PROVIDED DATA:

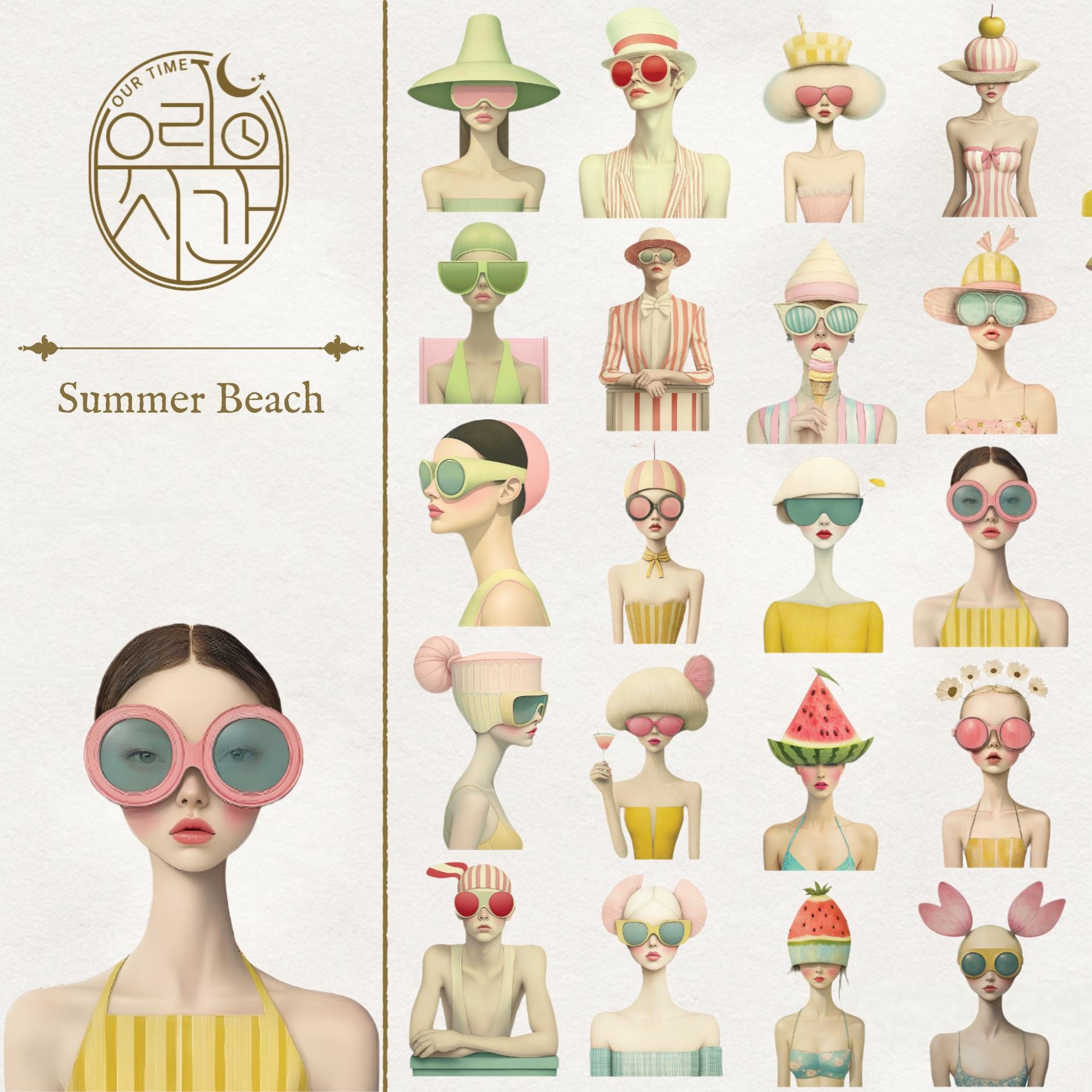 OURTIME) Summer Beach Pet tape - 3D Glossy Printing 200cm(1 Loop)
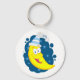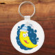 Un joyeux visage de lune jaune portant un casquette bleu et blanc. Cette conception semble vraiment efficace sur ces Porte - clés
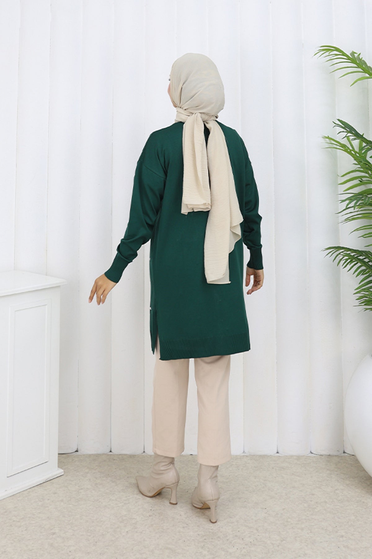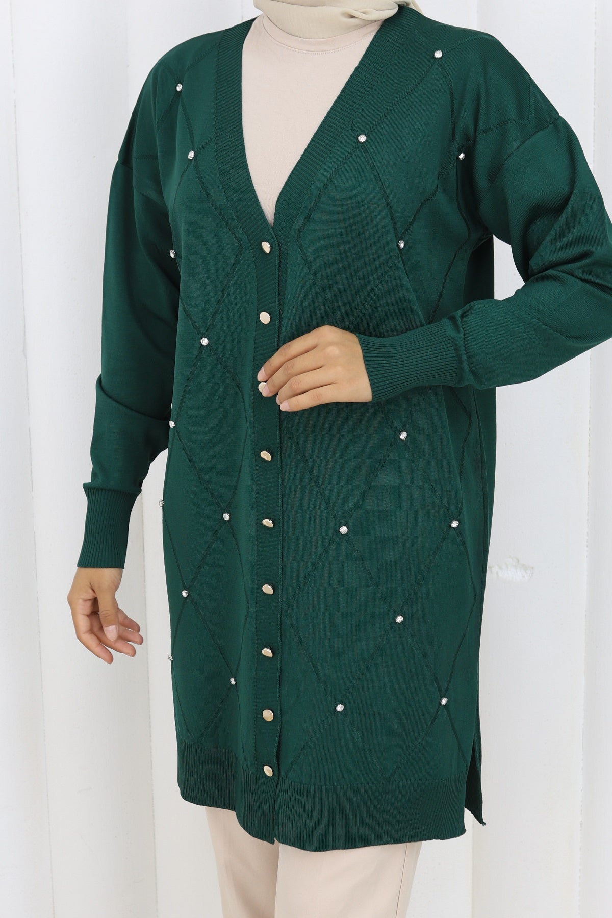 BNG Women Stone-embellished Baklava Pattern Long Cardigan N3246 Emerald Green - Blainville
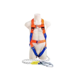 Full-body double lanyard safety harness with two-meter rope, red and blue, unspecified size.
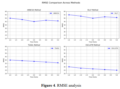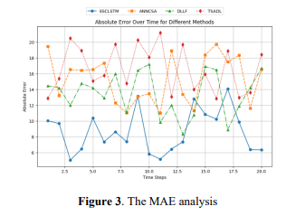 Figure 3 shows the MAE tendency of 20-time steps by using four methods: ESCLSTM, ANNCSA, DLLF, and TSADL. The error values for ESCLSTM are always the lowest, showing higher predictive accuracy. ANNCSA, DLLF, and TSADL have higher error levels, and TSADL has more variable error values. Comparisons show that ESCLSTM effectively reduced general absolute errors of non-linear and temporal patterns. This visualization points out the robustness and scalability of ESCLSTM in dynamic e-commerce supply chain environments for demand forecasting improvement.

WORK ORDER:
"BNG Women Stone-embellished" marks the first line to copy, and "Full-body double lanyard" marks the last. Repeat that stretch above exactly, with no pictures.

PROBLEM SOLUTION:
 BNG Women Stone-embellished Baklava Pattern Long Cardigan N3246 Emerald Green - Blainville
 Full-body double lanyard safety harness with two-meter rope, red and blue, unspecified size.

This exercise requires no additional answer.